1. GitOps Strategy: "App-of-Apps"
This is not a “helm install” tutorial. Everything is deployed via ArgoCD, following a two-level App-of-Apps pattern.
The goal is simple:
Separate orchestration, platform concerns, and business workloads - explicitly.
The Repository Structure: We reorganized our repo to support the "App-of-Apps" pattern. A single root application manages the entire cluster state.
kubernetes/
├── bootstrap/ # The Control Tower
│ ├── root-app.yaml # The parent that manages the children
│ ├── apps.yaml # Child app for business workloads
│ └── observability.yaml # Child app for platform tools
├── platform/ # Infrastructure Tools
│ └── observability/ # Wrapper Chart.yaml for LGTM Stack
└── apps/ # Business Logic
└── otel-demo/ # The Astronomy Shop Manifests
This structure lets us answer, instantly:
What bootstraps the cluster?
What is platform-owned?
What is application-owned?
GitOps Topology: The Real App-of-Apps Model
At the top sits a single root application. Its only responsibility is to create other ArgoCD applications.
Run the only kubectl apply command to kickstart the App of Apps.

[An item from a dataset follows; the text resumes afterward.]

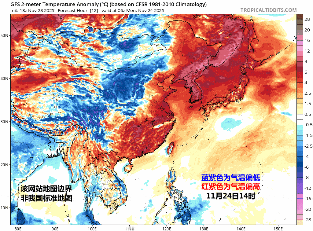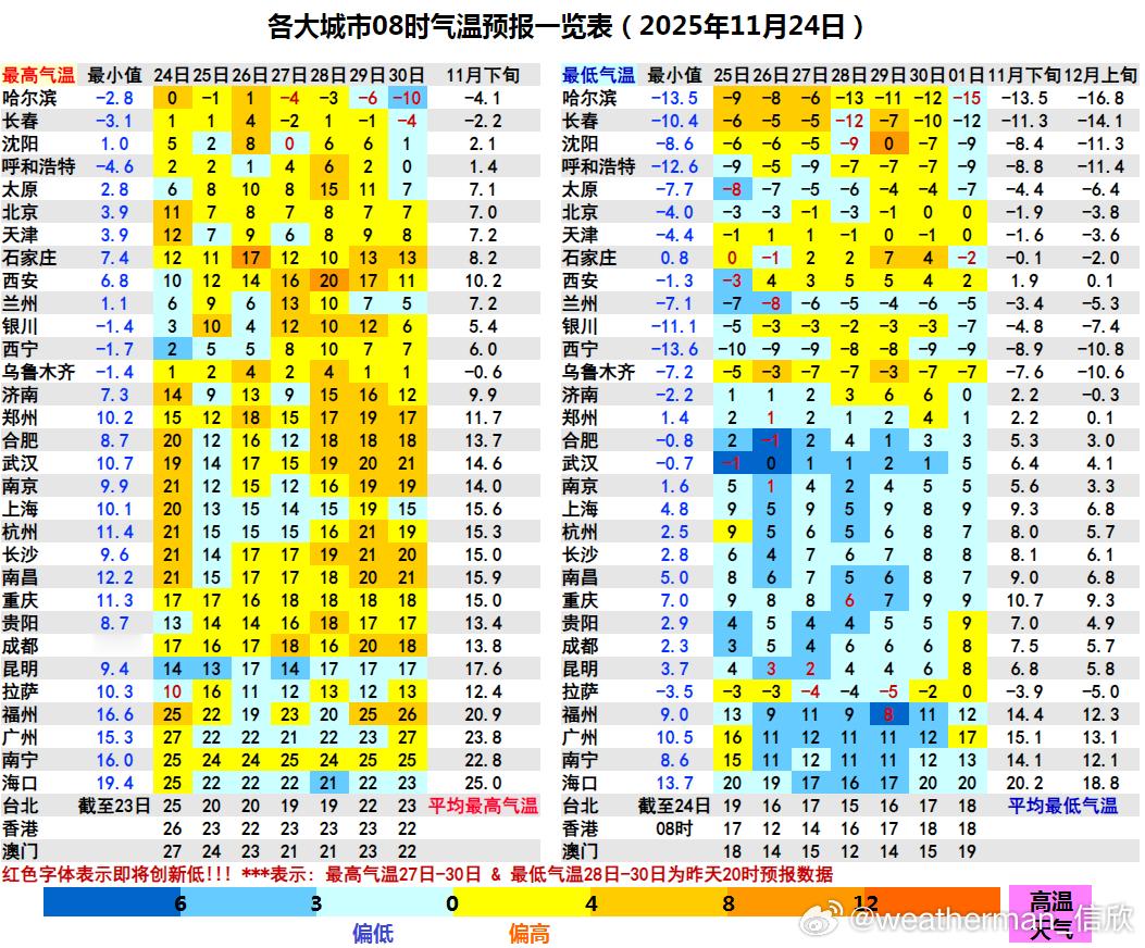 【一周天气——冷空气活跃】本周(11月24日-30日)有3股冷空气先后影响我国,气温起伏变化节奏快。冷空气的影响,大风降温更普遍,西北华北部分地区可能还有沙尘,新疆内蒙古以及黑龙江吉林辽宁还有降雪。但我国其他大部地区,还是晴朗干燥的天气居多。此外本周可能还有台风生成,主要影响南海和海南三沙。1、降水24-25日在内蒙古中东部、东北地区东部、西藏东部、川西高原、新疆北部等地有小到中雪,局地有大雪。西藏四川的降雪是因为南支槽影响,内蒙古和东北降雪因为前一股冷空气影响,新疆降雪为新一股冷空气到来。之后这股冷空气东移,26-27日内蒙古和东北三省还有降雪。29-30日又一股冷空气影响我国北方,高空槽发展较深,地面还有气旋,内蒙古东北部和黑龙江一带有大到暴雪。但这个降雪还有变数。关键要看高空槽发展加深的程度。如果高空槽的等高压和等温线有明显错位,利于槽加深,也进而利于槽前地面气旋发展,雪还可能进一步调强。但如果高空槽的高度场和温度场,错位不明显,槽发展不强,槽前暖平流和涡度平流也会变弱,地面气旋发展不明显,东北的降雪会调弱。因此后期需要关注临近报的修订。图1-3为官方报的降水、欧美数值预报的降水,图4为形势场。我国大部地区处于高空西北气流控制下,因此本周晴朗干燥的天气依然是主流(图5)。另外从数值预报看,26日和29日晚,北京北部山区,存在降雪的可能性。但城区因为低空干燥,出现降雪的难度大。不过去年冬季,也有几次,水汽条件差,但动力抬升条件好,强拧干毛巾、大力出奇迹的情况。所以后面也要关注形势演变以及气象部门的临近预报,是否会有惊喜,但目前不能有太高的预期。2、气温 24-25日,较强冷空气自西向东继续影响我国中东部地区,将带来4~8℃降温,北方局地降温可达10~12℃。25-27日,又一股较强冷空气自北向南影响我国,中东部大部地区将有4~8℃降温,部分地区降温10~12℃。29-30日,冷空气将影响长江以北地区,上述大部地区将有4~6℃降温,局地8~10℃。总体看,本周气温就是起伏不定。北方大多数城市气温在正常-偏高水平波动。东北周末气温可能转偏低。南方地区白天最高气温大多是偏高的,夜间最低气温偏低,昼夜温差显著大于常年11月下旬,早出晚归依然要注意保暖。图6为气温偏低偏高预报。图7为部分城市气温预报列表。银川本周的最高气温基本上,升降犬牙交错,双日降温,单日升温。24-30日最高气温预报:3-10-4-12-10-12-6℃。哈尔滨周五之前基本还是偏暖,26日最高有1℃,但30日最高降至零下10℃,将创入冬后新低。合肥26日最高16℃,但最低零下1℃,温差17℃,昼暖夜冷特征明显。3、大风频繁的冷空气将导致北方多地以及东部海区出现大风天气。24日在华北部分地区,25-27日新疆南部、内蒙古中西部、甘肃中西部、宁夏、陕西中北部、山西西部等地的部分地区有扬沙或浮尘天气,局地有沙尘暴。另外冷空气和潜在的27号台风天琴联手,还会导致南海多大风天气。南海大风可能要持续5-6天时间。

kubectl apply -f kubernetes/bootstrap/root-app.yaml
Root Application (The Control Tower)
kubernetes/bootstrap/root-app.yaml:
apiVersion: argoproj.io/v1alpha1
kind: Application
metadata:
name: root-app
namespace: argocd
spec:
project: default
source:
repoURL: https://github.com/anantvaid/otel-platform-infra.git
targetRevision: HEAD
path: kubernetes/bootstrap # Watches the bootstrap folder
destination:
server: https://kubernetes.default.svc
namespace: argocd
syncPolicy:
automated:
prune: true
selfHeal: true
The root app itself does not deploy workloads. Instead, it watches the bootstrap/ directory and spawns child applications automatically.
Child 1: Observability Platform
kubernetes/bootstrap/observability.yaml:
apiVersion: argoproj.io/v1alpha1
kind: Application
metadata:
name: observability-stack
namespace: argocd
finalizers:
- resources-finalizer.argocd.argoproj.io
spec:
project: default
source:
repoURL: https://github.com/anantvaid/otel-platform-infra.git
targetRevision: HEAD
# Directory for observability apps
path: kubernetes/platform/observability
destination:
server: https://kubernetes.default.svc
namespace: monitoring
syncPolicy:
automated:
prune: true
selfHeal: true
syncOptions:
- ServerSideApply=true
- CreateNamespace=true
This application owns the observability stack. It watches for applications deployed under kubernetes/platform/observability.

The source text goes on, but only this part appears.